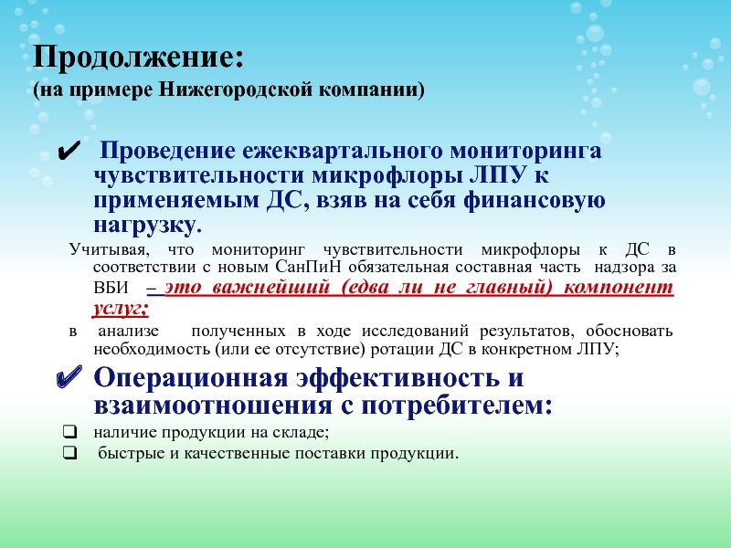 что мониторинг чувствительности микрофлоры к ДС в соответствии с новым СанПиН обязательная составная часть надзора за ВБИ – это важнейший (едва ли не главный) компонент услуг;
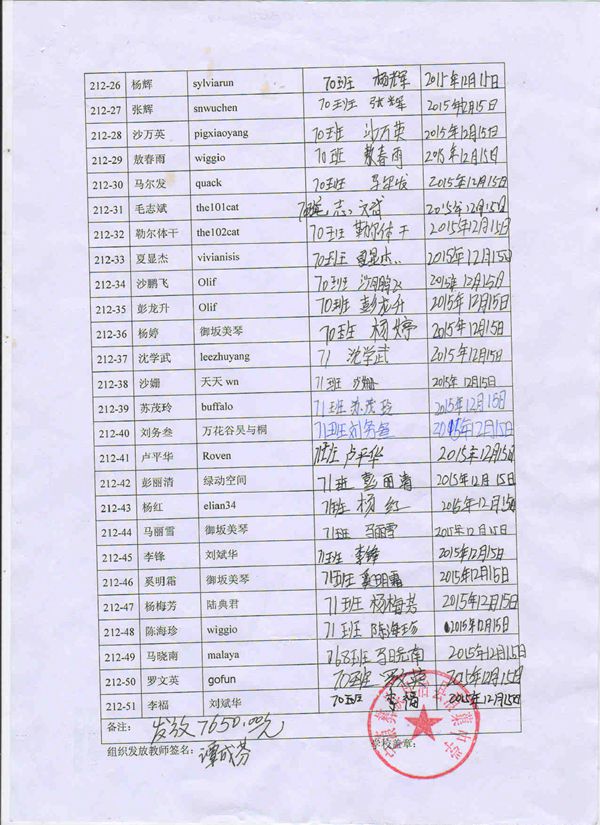 » 第212批受助学生名单(蒗渠中学51名,散捐,认捐完毕)
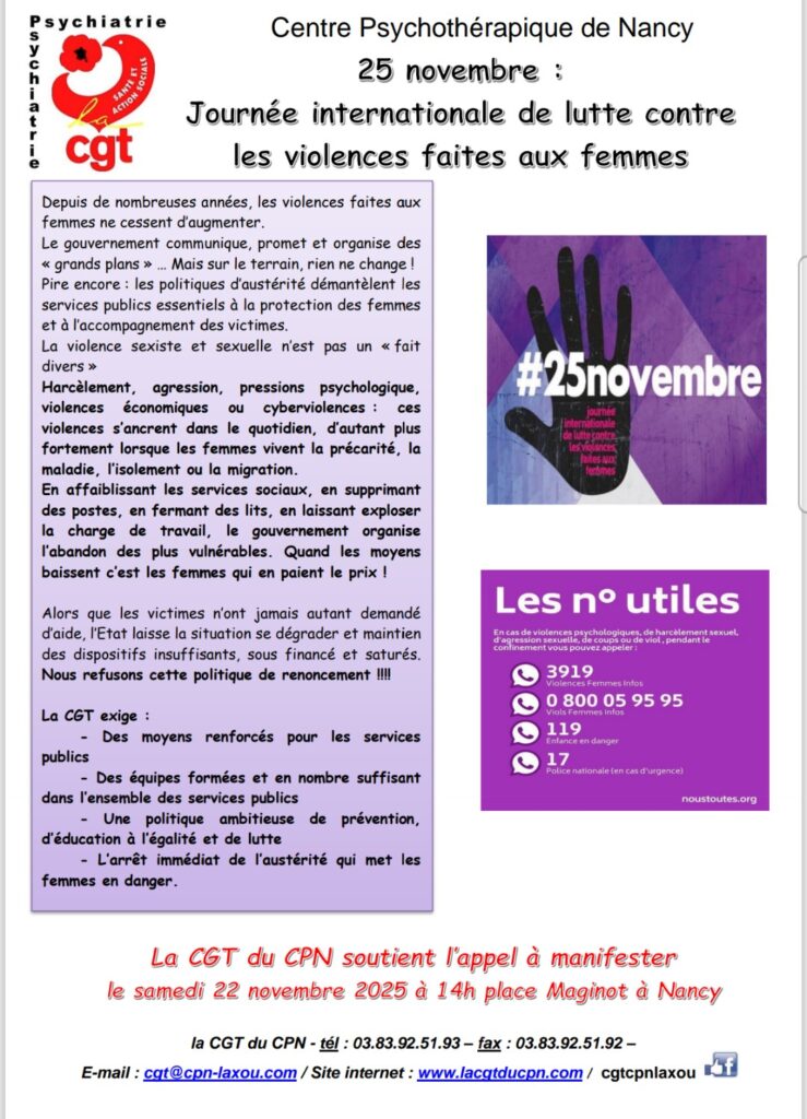 Infos de la CGTInformations localesInfos nationales 22 et 25 novembre contre les violences faites aux femmes Par CGT du CPN - 20 novembre 2025 5 FacebookTwitterWhatsAppLinkedinEmailImprimerCopy URL
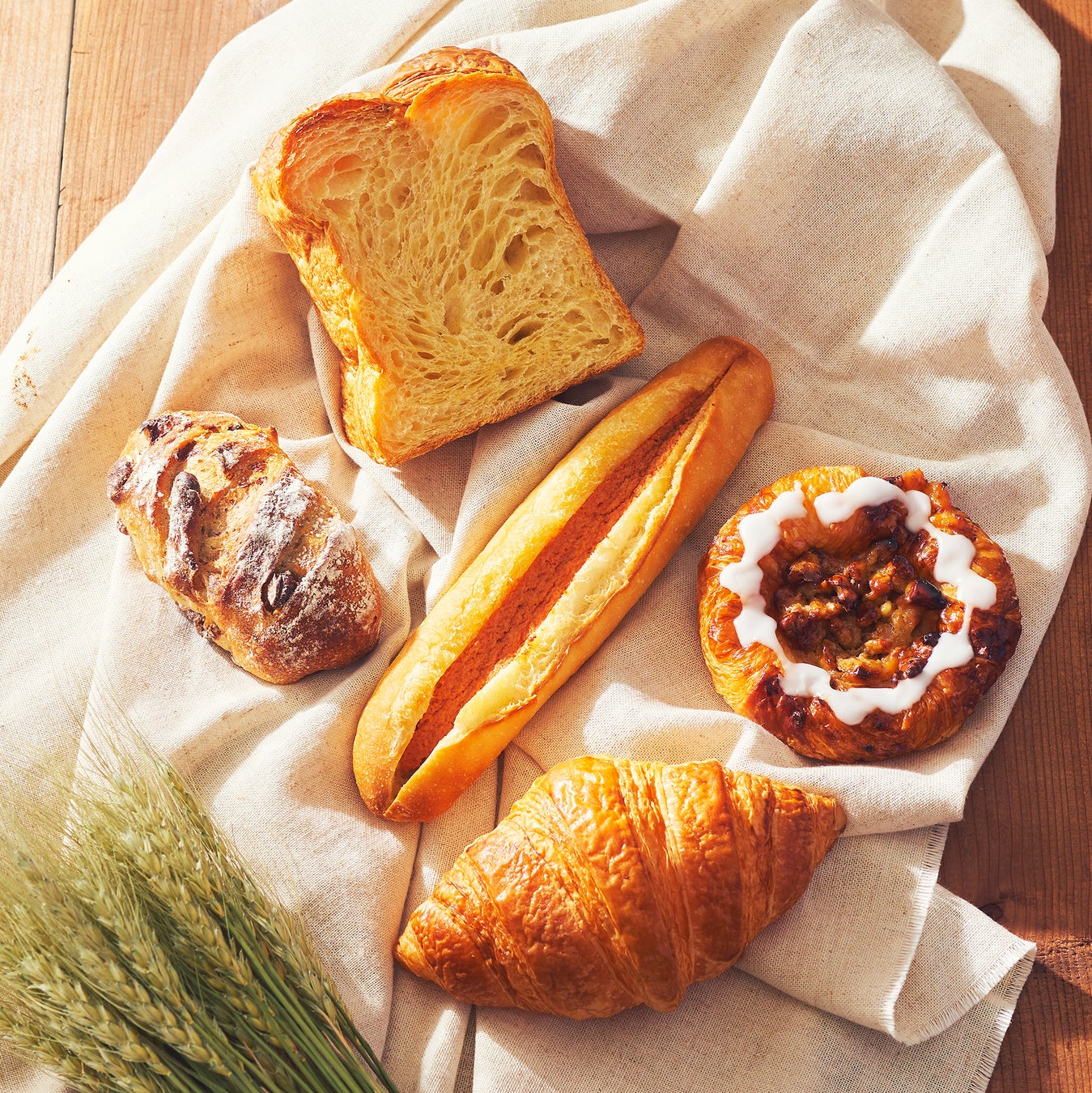 ・クロワッサン ・クルミデニッシュ ・デニッシュ食パン(1/4) ・めんたいフランス ・マカダミアレーズン
________
- [YOUR TASK]: An exact copy of the listing above, minus its pictures, is what is needed here.

- [TASK RESULT]:
 что мониторинг чувствительности микрофлоры к ДС в соответствии с новым СанПиН обязательная составная часть надзора за ВБИ – это важнейший (едва ли не главный) компонент услуг;
 » 第212批受助学生名单(蒗渠中学51名,散捐,认捐完毕)
 Infos de la CGTInformations localesInfos nationales 22 et 25 novembre contre les violences faites aux femmes Par CGT du CPN - 20 novembre 2025 5 FacebookTwitterWhatsAppLinkedinEmailImprimerCopy URL
 ・クロワッサン ・クルミデニッシュ ・デニッシュ食パン(1/4) ・めんたいフランス ・マカダミアレーズン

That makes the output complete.